Figure 5 and Table 2 show that over the last two decades, the legal systems of both countries have grown substantially. In the United States, the USC (containing codified statutes) has over 60 new structural elements (e.g., chapters, parts, or sections) in 2019 for every 100 such elements it had in 1998. Notably, as evident from the upper left panel of Figure 5, the growth rate of the USC appears to have experienced two distinct periods when measured by its structural elements: one period with a monotonic growth rate of approximately 4% per year (1998–2010), followed by another period with a decelerated monotonic growth rate of approximately 2% per year (2010–2019). At a slightly lower level, this trend also occurs for both the number of tokens and the number of intra-USC references. For example, there are approximately 40 new tokens or references in 2019 for every 100 tokens or references that existed in 1998. Shifting the focus for the United States to the CFR (containing codified regulations), as observable from the upper right panel of Figure 5, the quantity of regulations has increased by an even greater factor. For every 100 structural elements or tokens that were present in 1998, approximately 90 additional elements or tokens exist in 2019. This increase is even more extreme for intra-CFR references, where there are almost 160 new references in 2019 for every 100 that existed in 1998. Apart from brief intervals of stagnation or slight decrease (2009–2010, 2013–2014), these increases have been monotonic.

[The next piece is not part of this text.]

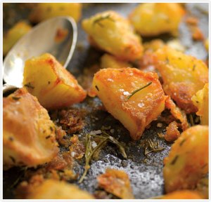 Sprinkle over some rosemary and a few cloves of squashed garlic with its skin left on.
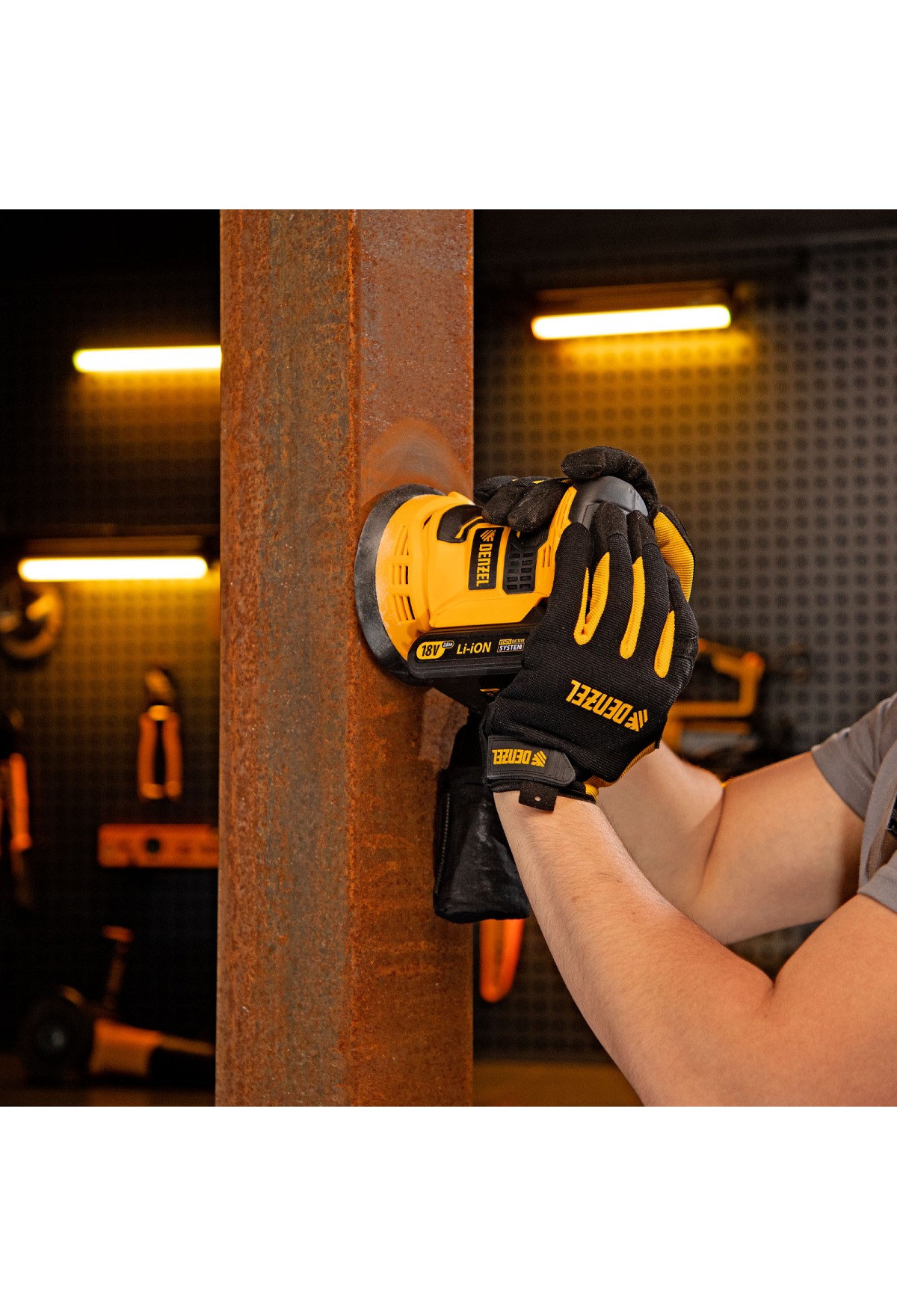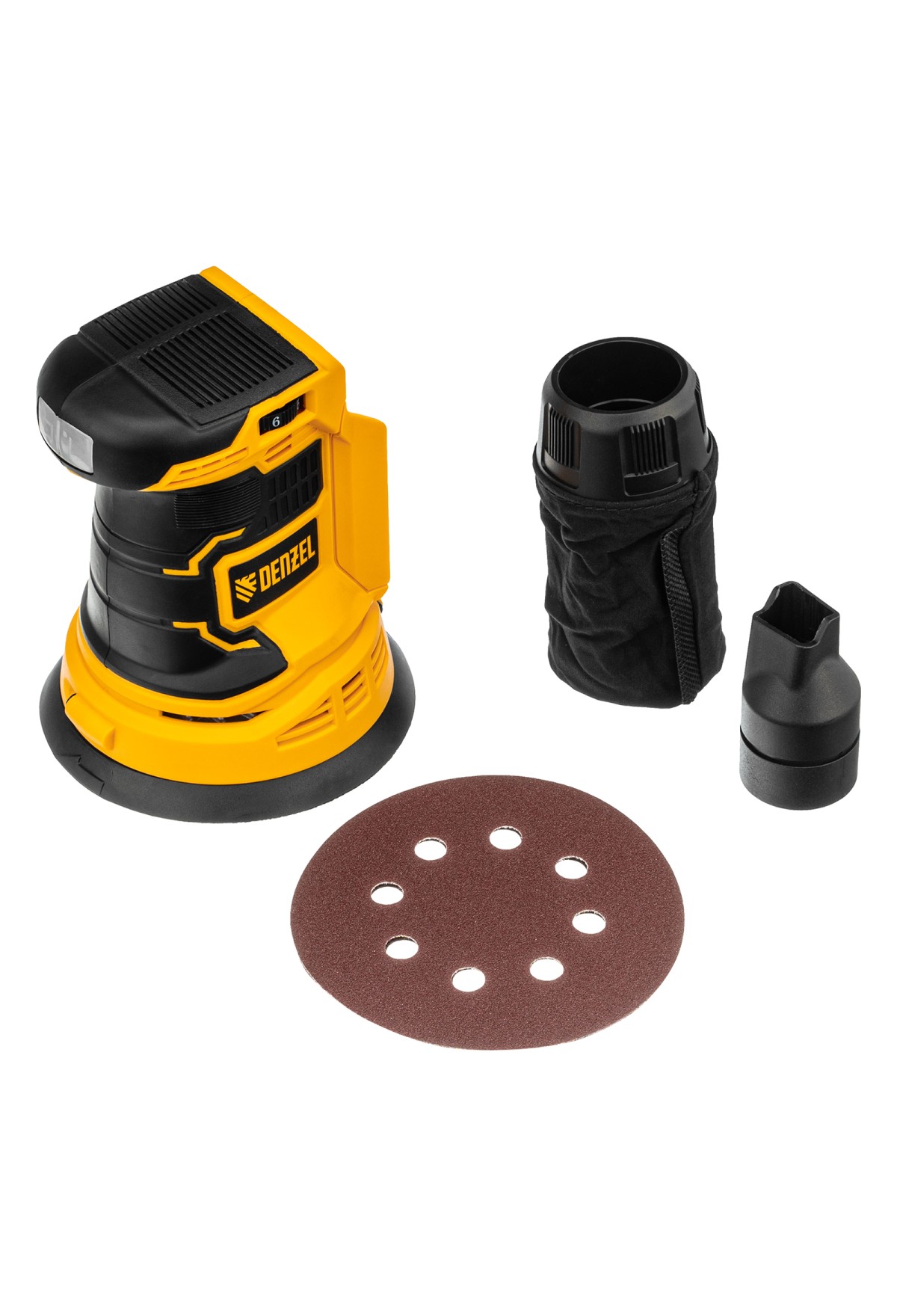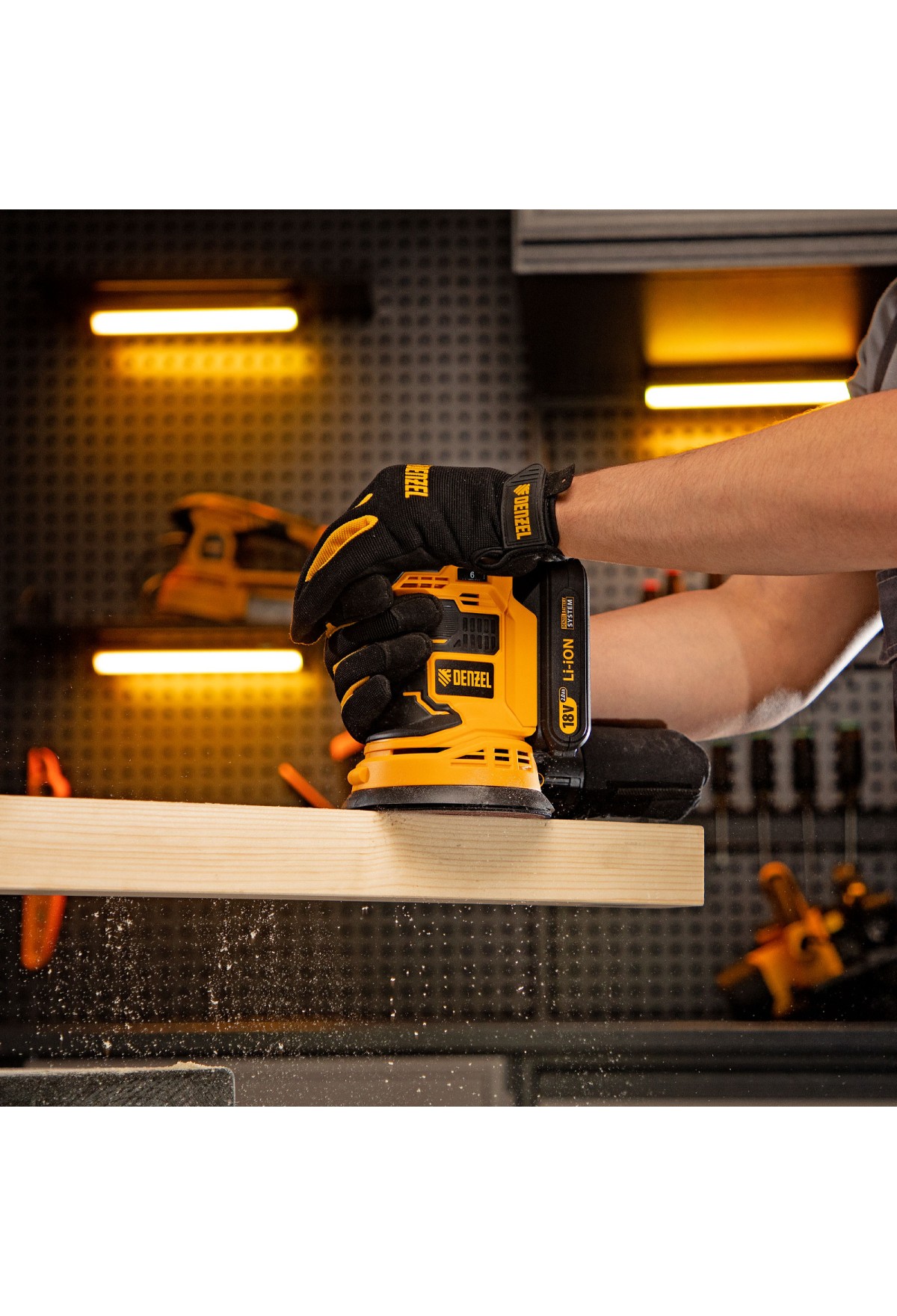 - Универсальность — к шлифовальной машине подходит аккумулятор 4Ач Li-ion, совместимый с любым инструментом 18V Denzel battery system серии IB (в комплект поставки не входит).

Corresponding trends for German statutes and regulations are presented in the bottom row of Figure 5. Growth in the German legal system has been qualitatively similar to that in the United States legal system but quantitatively less pronounced and of different functional shape. For both German statutes and German regulations, there are approximately 30 new structural elements in 2019 for every 100 that existed in 1998. Unlike in the United States, however, this growth has been non-monotonic: When measured through structural elements, both statutes and regulations experienced some periods of shallow decline between 2005 and 2010. These shrinking periods are generally not mirrored by the token and lateral reference counts, with one notable exception: In the period from 2005 to 2006, all German statistics decreased. This is likely due to statutes aiming to cleanse the law (Rechtsbereinigungsgesetze), eight of which were introduced in 2006 (recall that our 2006 snapshot represents the law at the end of 2006).4 In total, there are approximately 55 new statute tokens in Germany in 2019 for every 100 such tokens that existed in 1998. Like regulations in the United States, German statutes experienced a greater increase in the quantity of lateral references than in other metrics: For every 100 references in 1998, there are approximately 70 new references in 2019. For German regulations, as for statutes in the United States, the rate of change has been more similar across metrics, with growth varying roughly between 30% and 40% (as noted in Table 2). At a high level, the growth of the German legal system thus seems to be driven by statutes, whereas the growth of the United States legal system appears to be driven by regulations.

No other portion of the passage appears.